▶ **YOUR ASSIGNMENT**
No pictures belong in the copy. Retype exactly, and only, the stretch of lines below from the one with "Главная цель игры" through the one with "ヘッド部棚/約20kg *カラー:ブラック/ホワイト/ビンテージ 組立品/完成品:組立品(2人で組立て時間約45分)。".

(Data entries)

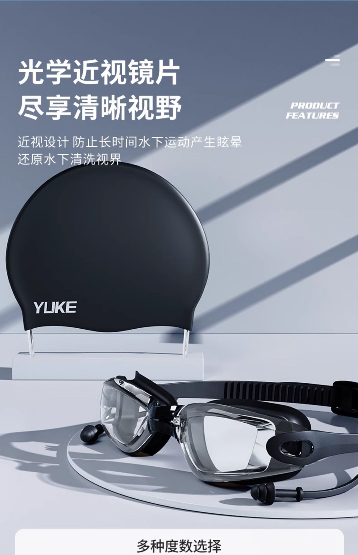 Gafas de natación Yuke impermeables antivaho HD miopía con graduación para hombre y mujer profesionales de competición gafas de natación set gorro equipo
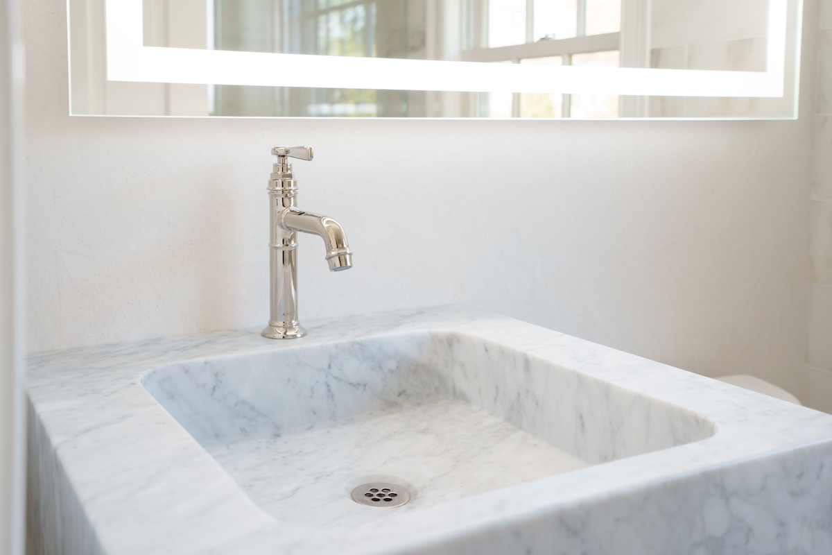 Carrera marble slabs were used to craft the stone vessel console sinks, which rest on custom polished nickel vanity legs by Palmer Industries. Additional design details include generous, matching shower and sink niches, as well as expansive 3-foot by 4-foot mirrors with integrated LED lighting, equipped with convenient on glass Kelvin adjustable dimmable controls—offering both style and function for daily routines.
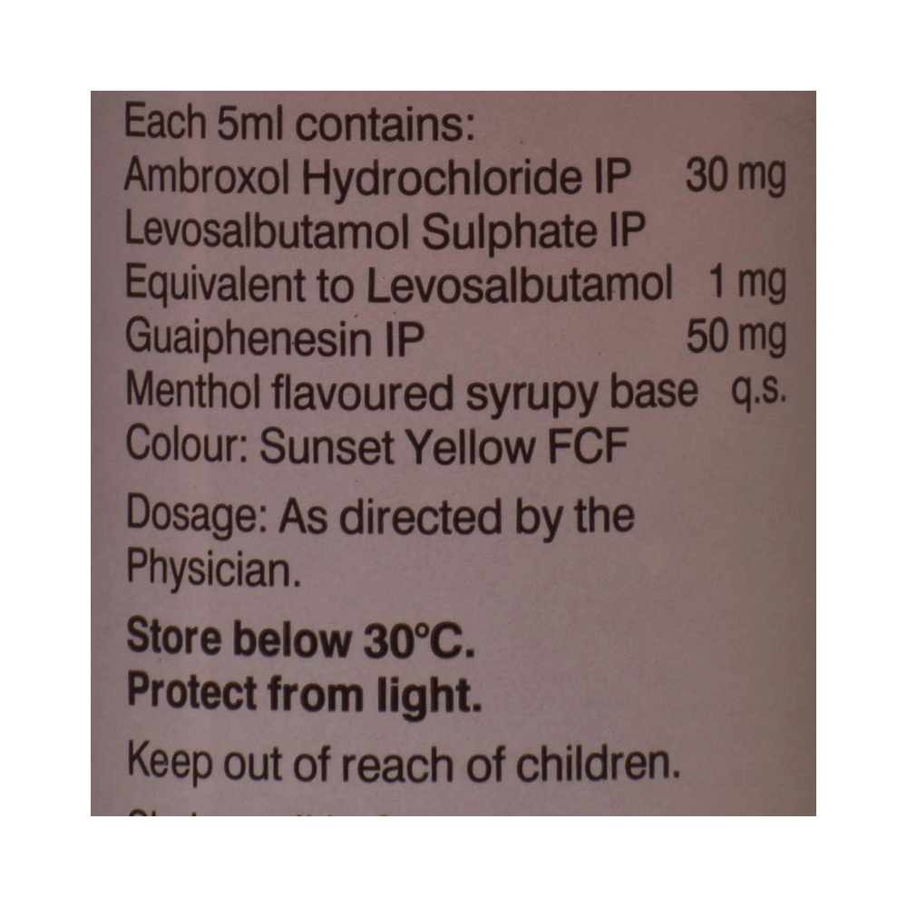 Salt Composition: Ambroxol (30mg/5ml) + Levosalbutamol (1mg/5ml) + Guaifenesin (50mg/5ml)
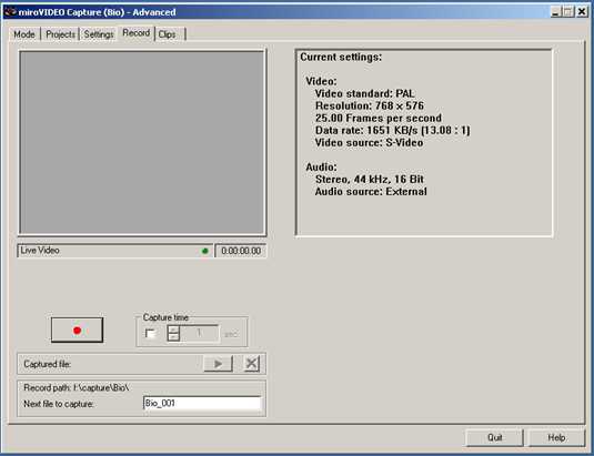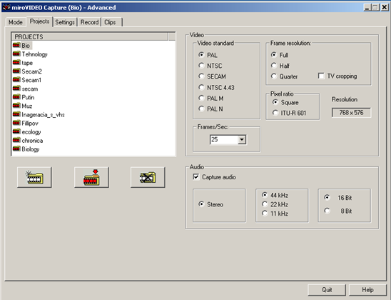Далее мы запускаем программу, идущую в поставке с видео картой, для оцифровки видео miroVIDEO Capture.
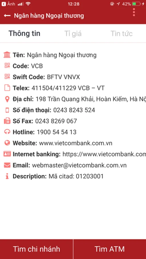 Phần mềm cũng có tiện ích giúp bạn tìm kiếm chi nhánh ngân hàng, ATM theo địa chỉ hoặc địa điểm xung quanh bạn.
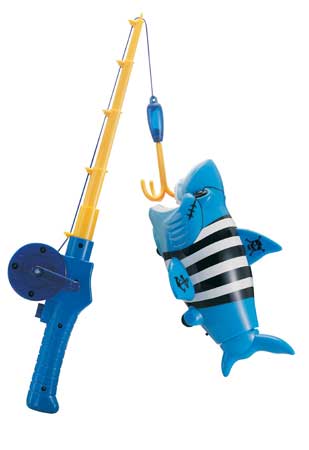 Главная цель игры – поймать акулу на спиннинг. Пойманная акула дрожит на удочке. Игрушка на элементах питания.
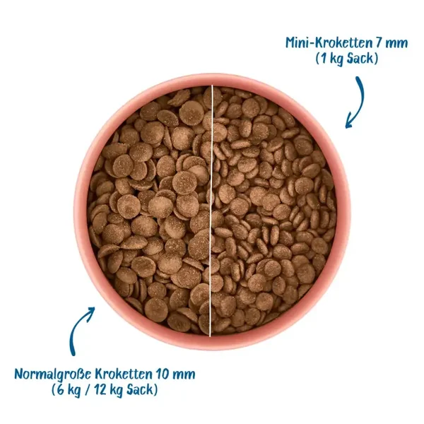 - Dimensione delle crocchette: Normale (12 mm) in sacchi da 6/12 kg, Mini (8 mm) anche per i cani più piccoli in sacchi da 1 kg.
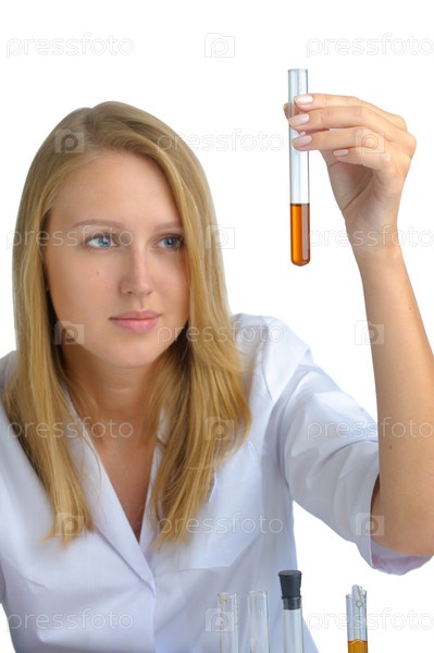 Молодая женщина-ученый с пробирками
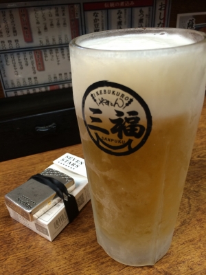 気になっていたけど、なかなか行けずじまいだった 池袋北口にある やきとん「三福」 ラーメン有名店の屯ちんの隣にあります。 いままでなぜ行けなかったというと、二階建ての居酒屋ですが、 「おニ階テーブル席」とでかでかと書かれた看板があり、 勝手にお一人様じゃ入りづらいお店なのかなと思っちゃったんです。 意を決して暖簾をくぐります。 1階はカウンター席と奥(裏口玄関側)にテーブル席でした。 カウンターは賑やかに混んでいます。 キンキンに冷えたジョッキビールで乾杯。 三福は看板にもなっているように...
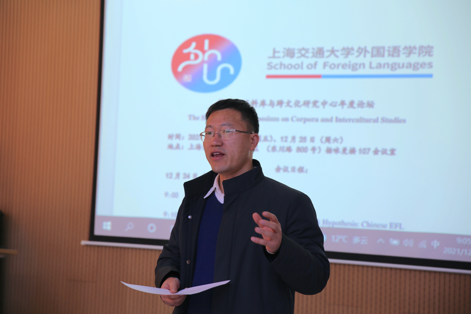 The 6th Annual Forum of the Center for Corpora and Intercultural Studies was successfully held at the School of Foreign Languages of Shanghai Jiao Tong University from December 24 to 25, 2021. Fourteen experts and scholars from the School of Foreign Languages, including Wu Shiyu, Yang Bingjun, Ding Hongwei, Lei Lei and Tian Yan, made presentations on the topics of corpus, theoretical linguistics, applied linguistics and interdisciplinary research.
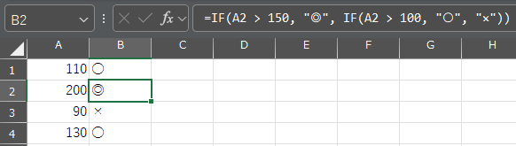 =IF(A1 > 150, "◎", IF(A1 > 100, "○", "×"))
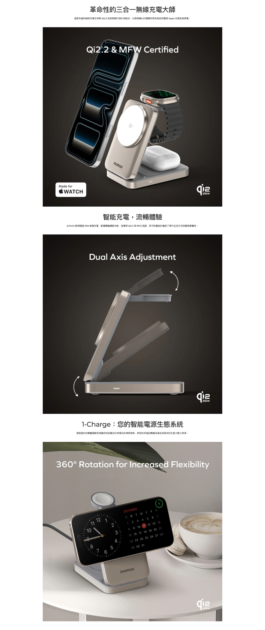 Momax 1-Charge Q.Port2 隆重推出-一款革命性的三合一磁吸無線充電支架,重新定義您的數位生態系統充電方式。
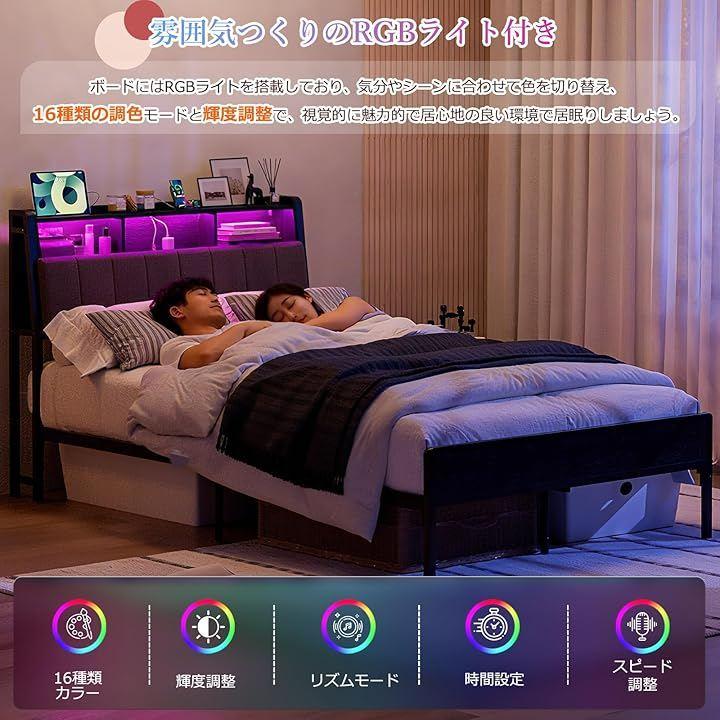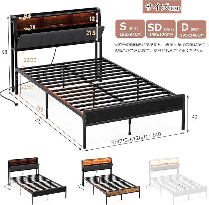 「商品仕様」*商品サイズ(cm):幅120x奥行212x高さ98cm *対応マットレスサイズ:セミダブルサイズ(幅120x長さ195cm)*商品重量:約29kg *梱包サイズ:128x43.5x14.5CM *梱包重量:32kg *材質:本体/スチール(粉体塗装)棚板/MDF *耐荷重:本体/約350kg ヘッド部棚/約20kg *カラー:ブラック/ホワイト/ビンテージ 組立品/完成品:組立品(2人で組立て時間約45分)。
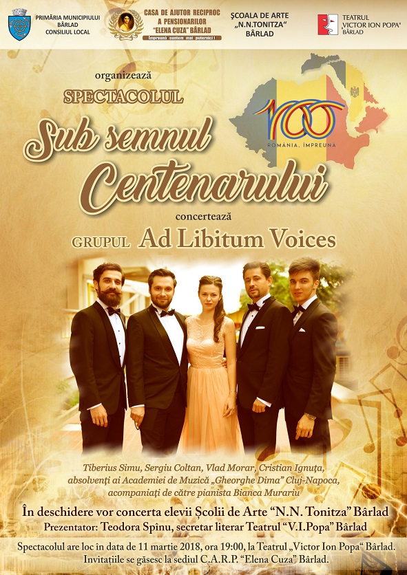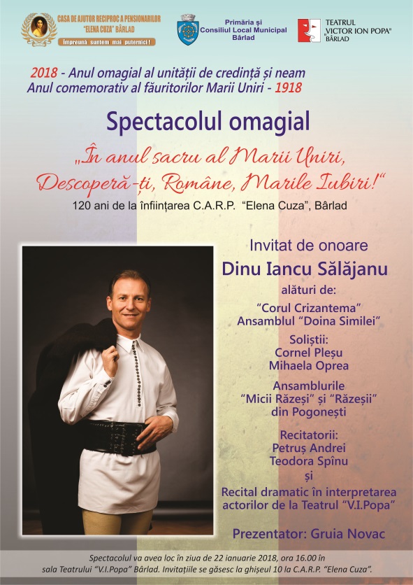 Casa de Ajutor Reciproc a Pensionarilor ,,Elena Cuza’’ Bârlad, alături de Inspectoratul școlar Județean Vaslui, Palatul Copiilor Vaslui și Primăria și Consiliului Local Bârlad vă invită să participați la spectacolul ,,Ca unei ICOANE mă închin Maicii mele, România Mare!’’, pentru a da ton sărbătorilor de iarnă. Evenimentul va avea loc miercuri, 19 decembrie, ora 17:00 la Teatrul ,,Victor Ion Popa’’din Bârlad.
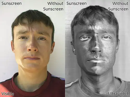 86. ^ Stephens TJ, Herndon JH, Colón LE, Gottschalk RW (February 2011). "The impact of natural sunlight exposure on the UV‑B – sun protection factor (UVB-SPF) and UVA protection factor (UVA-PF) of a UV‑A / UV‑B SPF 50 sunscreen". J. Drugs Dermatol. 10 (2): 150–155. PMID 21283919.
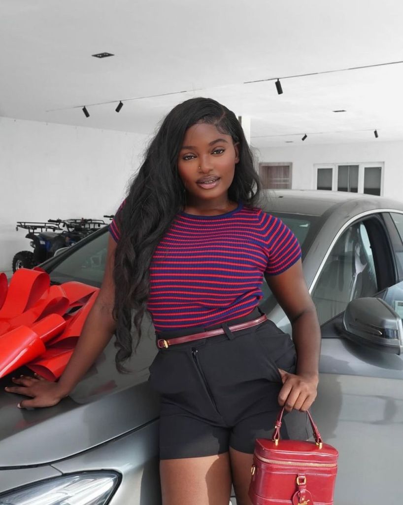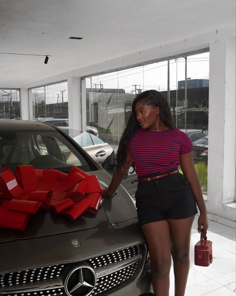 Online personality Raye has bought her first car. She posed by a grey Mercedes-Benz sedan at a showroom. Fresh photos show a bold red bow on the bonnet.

▶ **OUTPUT**
 Главная цель игры – поймать акулу на спиннинг. Пойманная акула дрожит на удочке. Игрушка на элементах питания.
 - Dimensione delle crocchette: Normale (12 mm) in sacchi da 6/12 kg, Mini (8 mm) anche per i cani più piccoli in sacchi da 1 kg.
 Молодая женщина-ученый с пробирками
 気になっていたけど、なかなか行けずじまいだった 池袋北口にある やきとん「三福」 ラーメン有名店の屯ちんの隣にあります。 いままでなぜ行けなかったというと、二階建ての居酒屋ですが、 「おニ階テーブル席」とでかでかと書かれた看板があり、 勝手にお一人様じゃ入りづらいお店なのかなと思っちゃったんです。 意を決して暖簾をくぐります。 1階はカウンター席と奥(裏口玄関側)にテーブル席でした。 カウンターは賑やかに混んでいます。 キンキンに冷えたジョッキビールで乾杯。 三福は看板にもなっているように...
 The 6th Annual Forum of the Center for Corpora and Intercultural Studies was successfully held at the School of Foreign Languages of Shanghai Jiao Tong University from December 24 to 25, 2021. Fourteen experts and scholars from the School of Foreign Languages, including Wu Shiyu, Yang Bingjun, Ding Hongwei, Lei Lei and Tian Yan, made presentations on the topics of corpus, theoretical linguistics, applied linguistics and interdisciplinary research.
 =IF(A1 > 150, "◎", IF(A1 > 100, "○", "×"))
 Momax 1-Charge Q.Port2 隆重推出-一款革命性的三合一磁吸無線充電支架,重新定義您的數位生態系統充電方式。
 「商品仕様」*商品サイズ(cm):幅120x奥行212x高さ98cm *対応マットレスサイズ:セミダブルサイズ(幅120x長さ195cm)*商品重量:約29kg *梱包サイズ:128x43.5x14.5CM *梱包重量:32kg *材質:本体/スチール(粉体塗装)棚板/MDF *耐荷重:本体/約350kg ヘッド部棚/約20kg *カラー:ブラック/ホワイト/ビンテージ 組立品/完成品:組立品(2人で組立て時間約45分)。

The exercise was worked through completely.